Photodynamic-therapy and chemotherapy of TPBC-PEG nanoplatform encapsulated triptolide synergistically inhibit primary osteosarcoma growth and pulmonary metastasis by activating HIPPO signaling

[Display omitted] •TP-TPBC-PEG nano-micelles significantly inhibited primary osteosarcoma growth and pulmonary metastasis both in vitro and in vivo.•TP-TPBC-PEG nanoplatform against deep-seated intratibial osteosarcoma was achieved by activating the HIPPO signaling pathway.•TP-TPBC-PEG nano-micelles had no significant toxicity in the heart, liver, spleen, or kidney. Osteosarcoma is the most common bone malignancy in children and adolescents with a less than 30% overall survival rate for those with metastatic disease, particularly pulmonary metastases. Drug resistance hinders the effectiveness of current chemotherapies, making osteosarcoma a leading cause of mortality and an urgent requirement of new therapeutics in this population. Here, we developed a triptolide (TP)-loaded, pH-responsive and near-infrared light-activated nanoplatform (TP-TPBC-PEG) with photodynamic therapy (PDT) to target osteosarcoma cells both in vitro and in vivo. Our results demonstrated that PDT and chemotherapy of TP-TPBC-PEG synergistically reduced cell viability, colony proliferation, migration, and invasion in vitro, and inhibited osteosarcoma growth and pulmonary metastasis in vivo which the nano-micelles were intravenously injected to intratibia injection induced osteosarcoma mouse models, showing enhanced osteosarcoma cell killing by nanoparticle inflating in response to acidic endosomal pH and sensitized osteosarcoma cells to TP chemotherapy.
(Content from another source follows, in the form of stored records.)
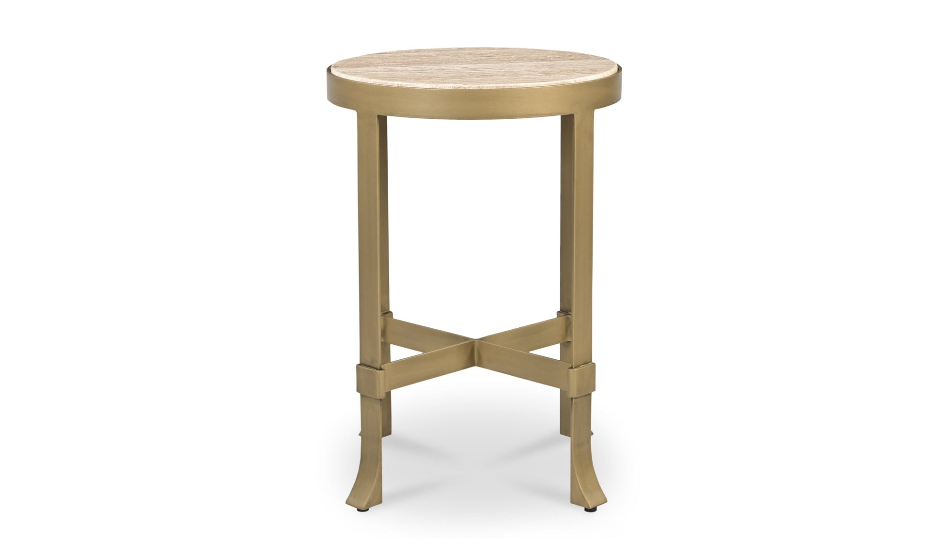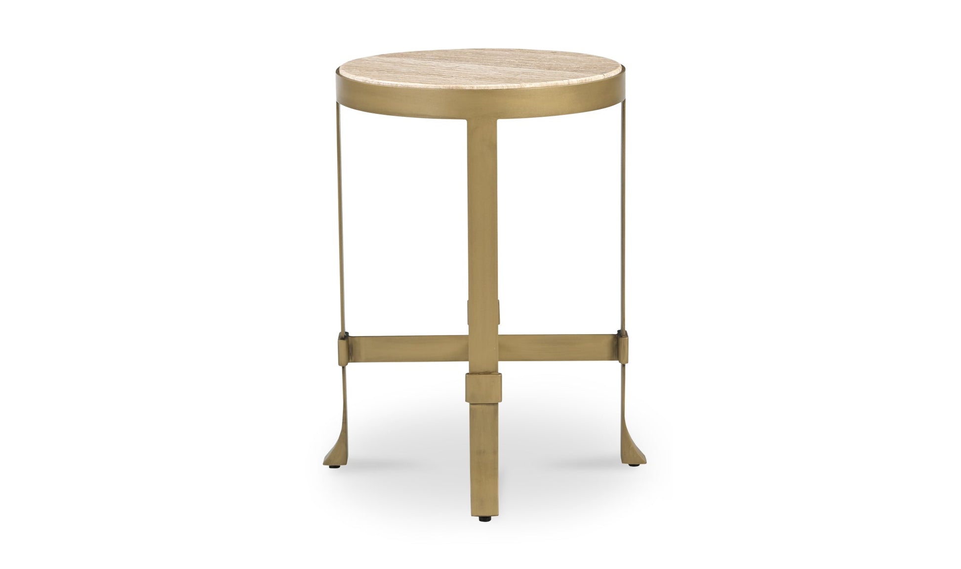 The Holli side table blends timeless white marble with sleek iron, as its expressive top rests within a subtle metal rim. The iron base, featuring gentle curves and distinctive buckle-like detail, showcases meticulous craftsmanship in classic white with bronze frame.
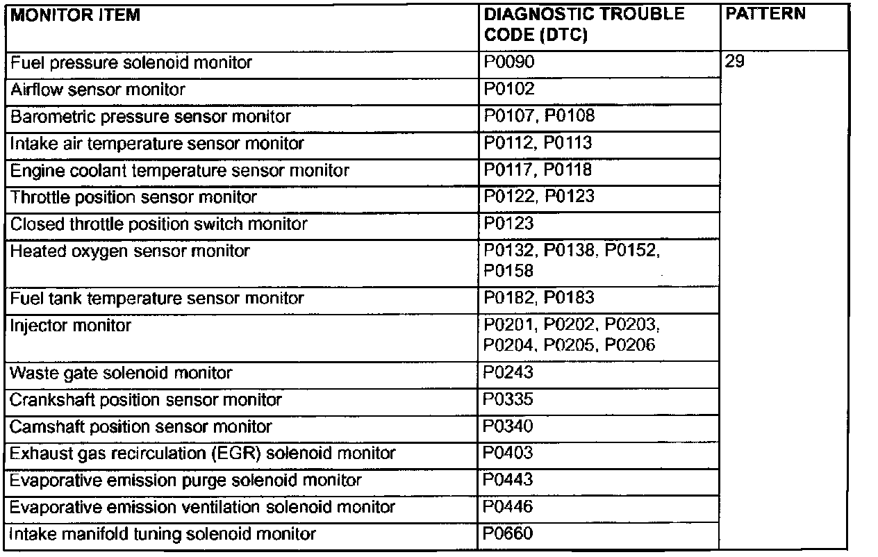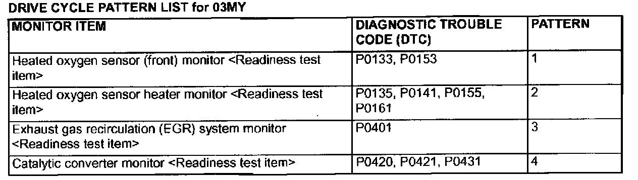 Drive cycle patterns are not established for Vehicle speed sensor monitor (DTC P0500) Closed throttle position switch monitor (DTC P0510). Power steering pressure switch monitor (P0551). Please reference the MUT data list to judge whether these monitor items are normal.
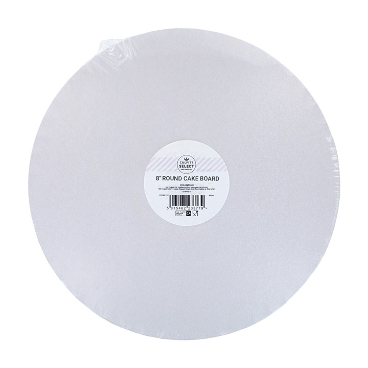 Culpitt Select 8" round cake drums are lightweight, but still reliably strong, they are a great alternative to our standard Culpitt drum. These contemporary white cake boards help display cakes beautifully making them a great value choice both practically and aesthetically.
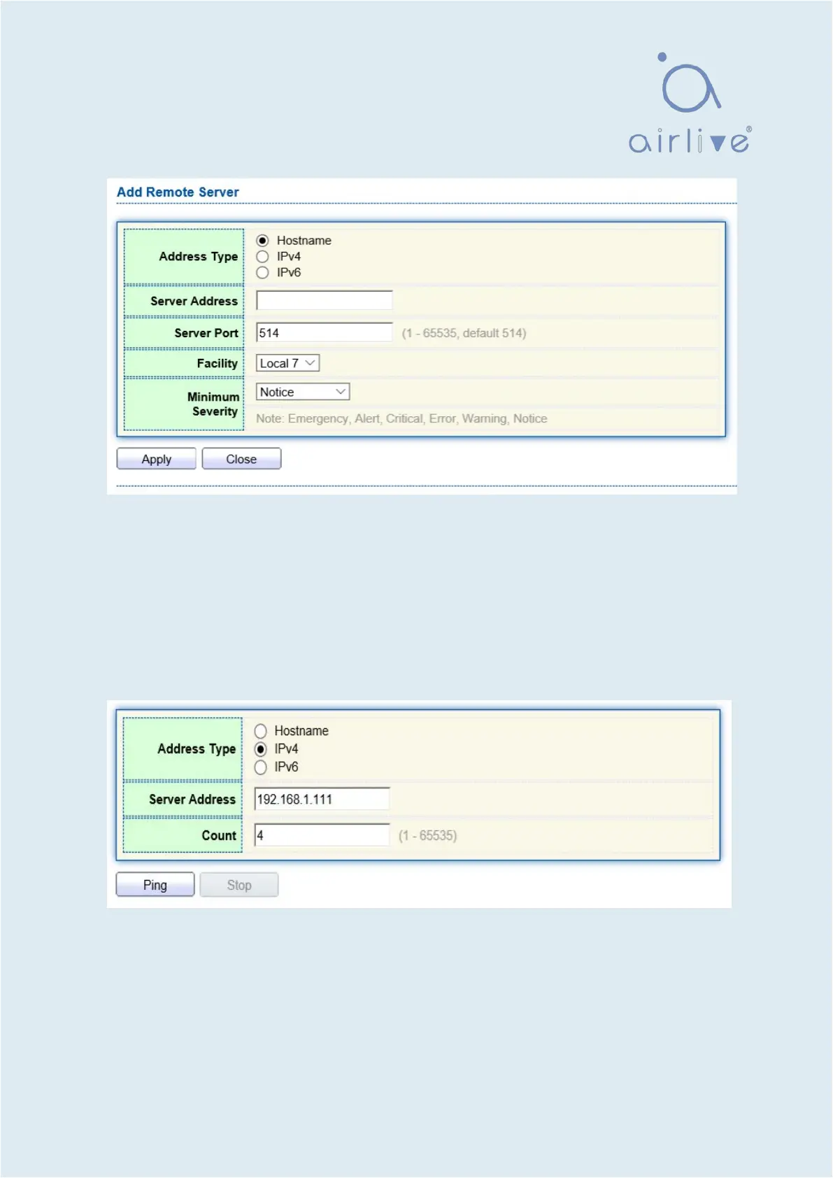 1. Click the “Diagnostics > Ping” in the navigation bar to enter a host name or an IP

Importantly, the nano-micelles did not exhibit organ toxicity in vivo. Dual-luciferase reporter gene and nuclear/ cytoplasm protein expression assays identified the involvement of HIPPO signaling pathway in mediating these effects. Overall, our study provides a promising therapeutic approach for treating primary osteosarcoma and preventing pulmonary metastases by activating the HIPPO signaling pathway.